Nos miramos. Su expresión era de desencanto. Pensé y saqué el teléfono: —¿Guille?

—Hola, milady, ¿terminaste con tu diligencia?

—No. Necesito que vengas. ¿Tenés trecientos pesos? —me atropellé.

—Sí.

—¿Me los prestarías? —formulé, conciente de que era una pregunta retórica.

—¿Adónde te los llevo?

Le solicité la dirección a la chica y se la comuniqué al gurka.

—Voy para allá —declaró y cortó la comunicación.

—Ya me lo traen —le anticipé.

—¿Es su novio? —se interesó.

—¡No! —Más suavemente—: Un amigo… —Y abundé como si ella me pidiera cuentas—: Después se lo devuelvo.

Salí a la calle para vigilar la llegada de Guillermo.

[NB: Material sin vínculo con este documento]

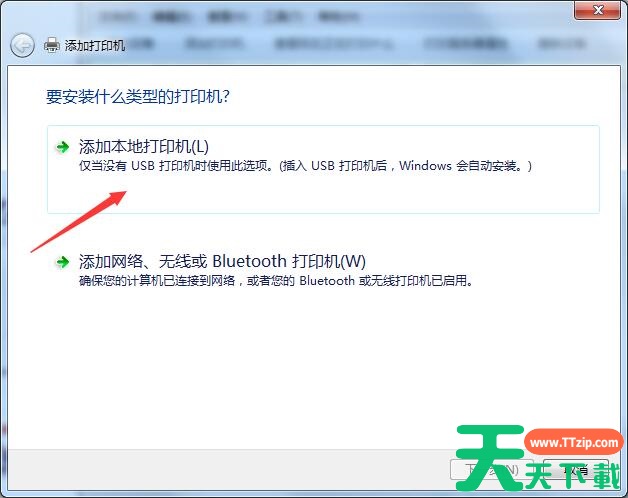 3、接着选择“添加本地打印机”,按一下;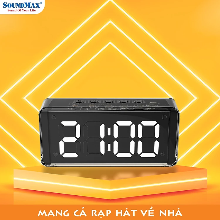 [Hàng Chính Hãng] Loa bluetooth kiêm đồng hồ báo thức SoundMax AT-100 | AT100 với thiết kế hiện đại - Loa nghe nhạc bluetooth - Đồng hồ điện tử trang trí bàn làm việc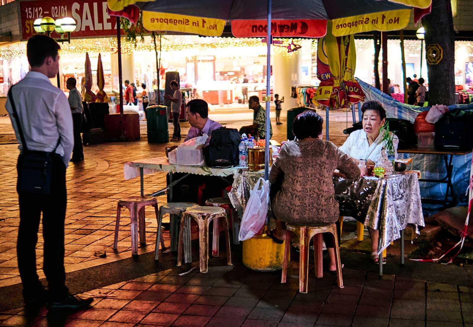 A street vendor has a few snake specimen and pictures on display and promoting his medicine product, apparently made from snakes. Bencoolen Street, Singapore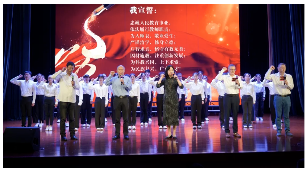 青丝白发,见证悠悠岁月;韶华咫尺,无悔使命初心。五位深耕普陀教坛四十载的荣休老教师代表也来到了活动现场,他们都是正高级教师、上海市特级教师,把全部的青春力量献给了教育事业。他们深情回顾了自己的从教经历,分享了各自的教育理念。师道传承,匠心育人。今年,又一批新教师加入了普陀教育大家庭,接过教育事业的接力棒,大会现场,老教师们带领新教师代表进行了入职宣誓。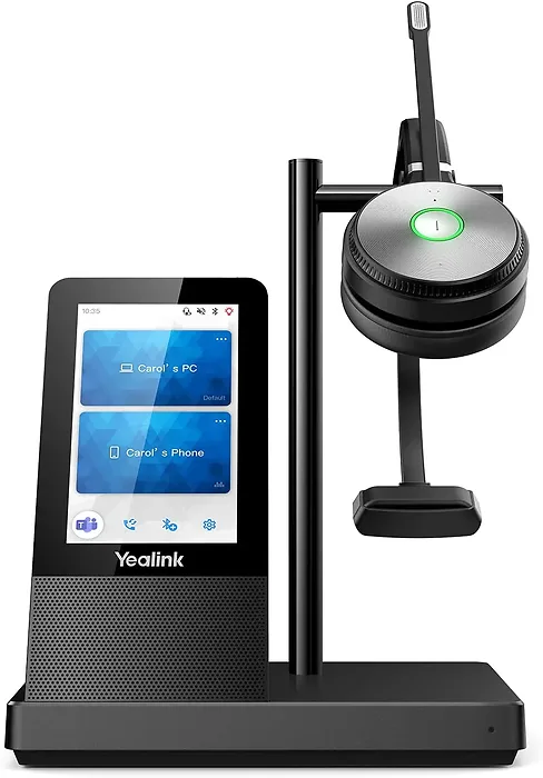 Unified Communications Premier DECT Wireless HeadsetDECT Headset: * Monaural Ear (single ear) over-the-head Headset* Busylight on headset* Leather Ear Cushions* Yealink Acoustic Shield TechnologyDECT Base:* UC Button* Input ports: 1x USB 3.0 Port, 2x Bluetooth* 4 inch touch Screen* Speakerphone* 2-ports USB Hub* Power Adpater* Support Yealink Wireless Charger WHC60(Optional)* 2.5mm jack for Busylight BLT60(Optional)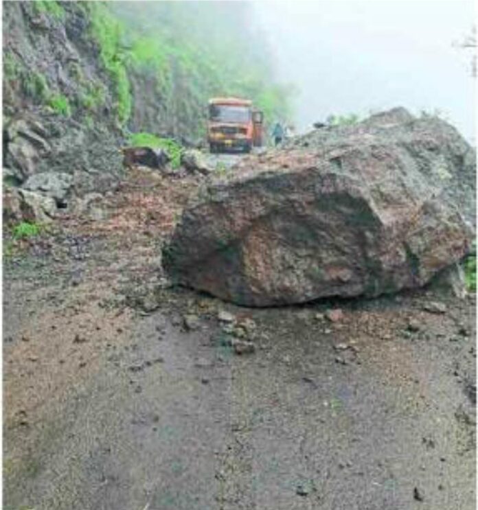 समुद्रसपाटीपासून ४ हजार फुटपेक्षा उंच असल्यामुळे या ठिकाणी पावसाचे प्रमाण अधिक आहे. येथील ग्रामस्थांचा शहराशी असलेला संपर्क तुटतो. मागील आठवडयात पडलेल्या मुसळधार पावसाने सलग दोनवेळा घाटात दरड कोसळली. त्यामुळे वाहतुकीत खंड पडलेला होता. दरड कोसळण्याच्या भितीबरोबरच आता नवीन संकट या मार्गावर आ वासून आहे. दरड कोसळलेल्या भागात ३ ठिकाणी दरीकडील बाजूचा रस्ता खचत आहे. रस्त्याच्या खाली बाजूपट्टीची माती वाहून गेली आहे. त्यामुळे रस्त्यालाही धोका निर्माण होऊ शकतो.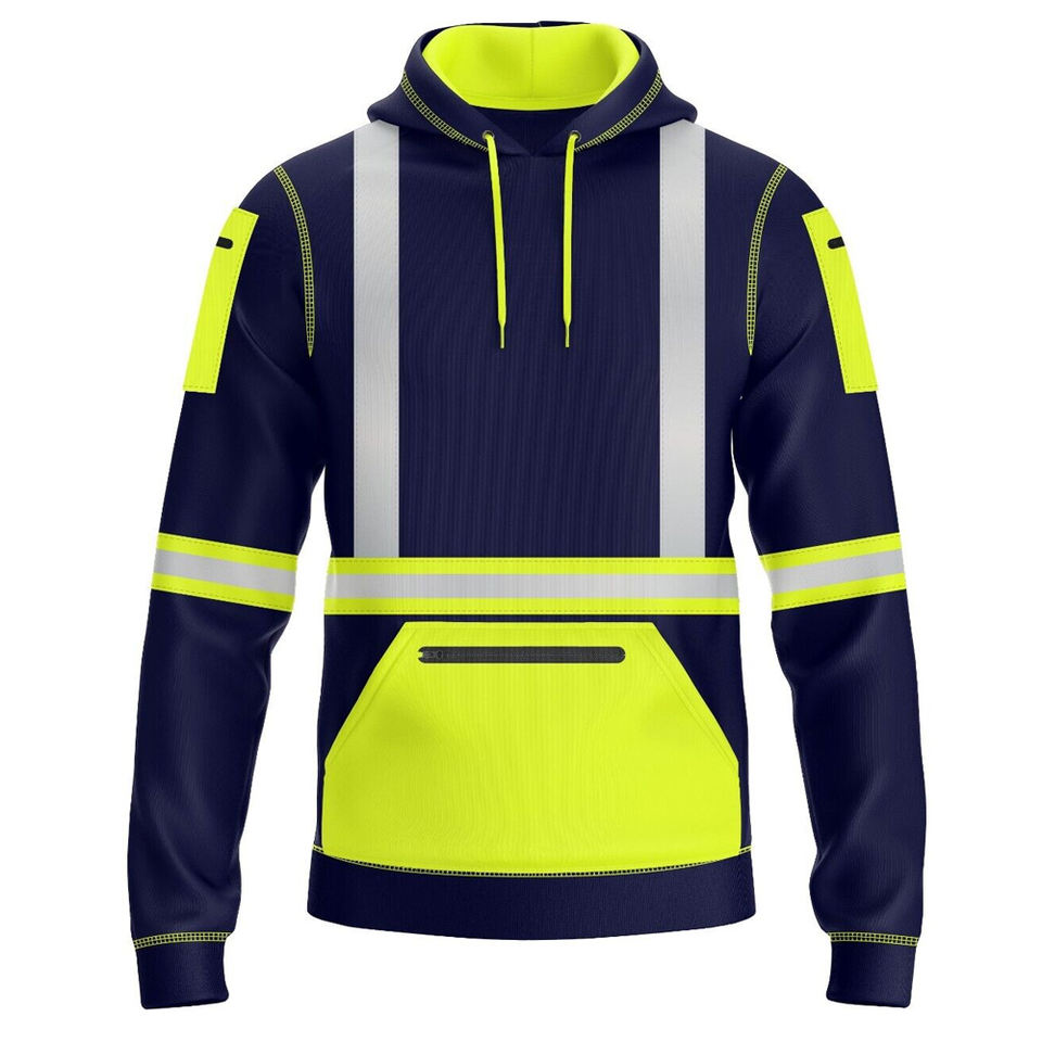 Venta al por mayor de color personalizado frente de alta visibilidad de construcción de ropa de trabajo de los hombres con capucha transpirable precio barato de alta calidad de los hombres de capucha

Le hice señas cuando estaba a mitad de camino. Me tomó del brazo cuando estuvo a mi lado.

—¡Hola! —dijo con una sonrisa—. Es un honor acudir al rescate de mi dama…

—Es un préstamo que te devolveré apenas pueda ir al banco —aseguré— porque no reciben tarjetas.

Entramos al negocio para completar la compra. La joven evaluó apreciativamente a mi acompañante y nos saludó con deferencia al marcharnos. Yo estaba radiante y apretaba mi cajita contra el pecho.

—Recién son las diez y media. ¿Tomamos algo y me contás en qué me involucraste? —arguyó Guille con humor.

—Te lo merecés —acepté contenta—. Después de que busquemos un cajero para retirar lo que te debo.